Утром я оглядел избу с «верхней палубы». На стене висела тарелка «радиоточки», а на подоконнике лежала единственная книга — это, как выяснилось позднее, был роман Тихона Семушкина «Алитет уходит в горы» 1949 года издания. Было от чего опечалиться… Но немногословная, предпочитавшая не говорить, а действовать Манефа быстро выбила из меня интеллигентскую мечтательность — я был занят делом с раннего утра до тёмного вечера.
Помогал готовить завтраки и обеды, выдергивал на огороде морковь и свёклу, копал картошку, носил воду, колол сухие дрова, бегал в магазин в Большое Кобылкино, ходил за еловиками в лес (опушку с небольшими ровными елями бабушка показала заранее, объяснив, что надо срезать только шляпки, беречь грибницу, укрытую сухими иголками), а в воскресенье, так уж и быть, летел в клуб на киносеанс за пять копеек.
Фильмы, наверное, были оставлены в «вечное пользование» — репертуар не менялся с премьерных лет: «Александр Невский», «Сын полка», «Беспокойное хозяйство», особенно любимая малышней музыкальная комедия «Весёлые ребята»… Чудилось, что я погрузился в далёкое прошлое, хотя артисты, исполнявшие главные роли, вовсю снимались на том же «Мосфильме»: Людмила Целиковская, Михаил Жаров, Любовь Орлова… Но потряс меня черно-белый фильм «Как закалялась сталь» с юным Василием Лановым.
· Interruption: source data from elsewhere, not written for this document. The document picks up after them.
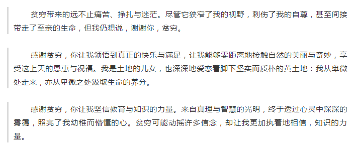 “貧窮帶來的遠(yuǎn)不止痛苦、掙扎與迷茫。盡管它狹窄了我的視野,刺傷了我的自尊,甚至間接帶走了至親的生命,但我仍想說,謝謝你,貧窮?!?/span>
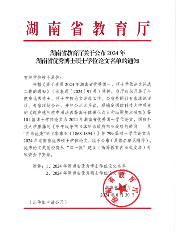 喜报!公司2篇硕士论文获评2024年度湖南省优秀硕士学位论文
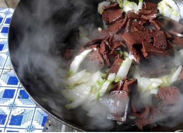 带白菜七成热时,加入事先炒好的血片;
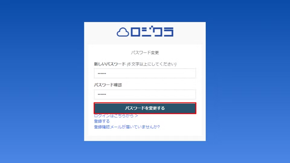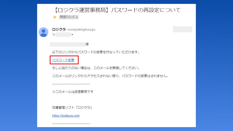 ロジクラからパスワード変更メールが届きます。本文に記載されている変更用URL「パスワード変更」にアクセスして下さい。
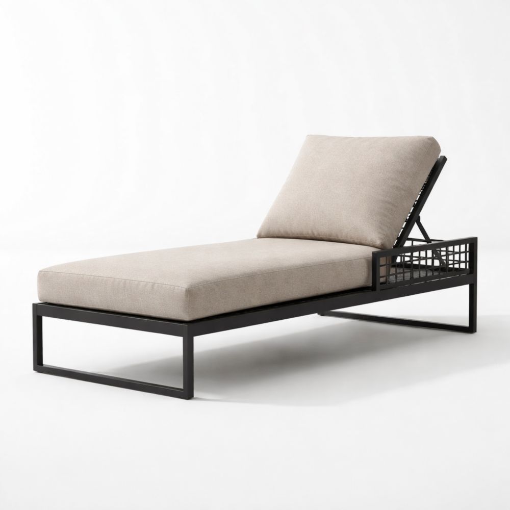 Lettino prendisole in alluminio nero e poliestere grigio
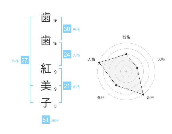 歯歯 紅美子さんを姓名の画数から五運を鑑定
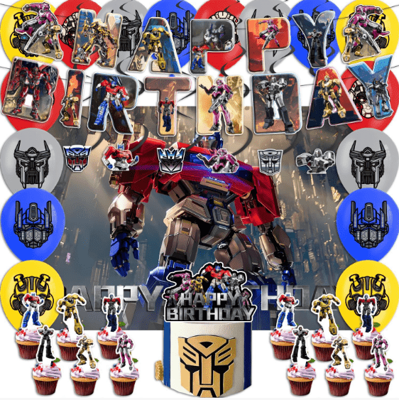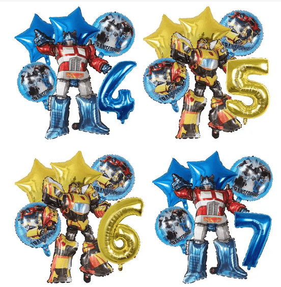 Klassische Kombination: Transformers-Folienballon mit farbiger Latexballon-Themenflagge, Latexballon als Basis, Folienballon als visueller Kern, Flagge als Themendekoration, geeignet für Geburtstagsfeiern, Festivalfeiern des Grundlayouts.

Сцена с дезертиром и сожженным из-за его поступка комсомольским билетом осталась в памяти как пример самого страшного преступления.
В зале перед сеансом я обратил внимание на мальчишку-дошкольника, — его шея и грудь были покрыты темно-розовыми припухлыми пятнами. « — А, это Колька, он прошлым летом опрокинул на себя самовар».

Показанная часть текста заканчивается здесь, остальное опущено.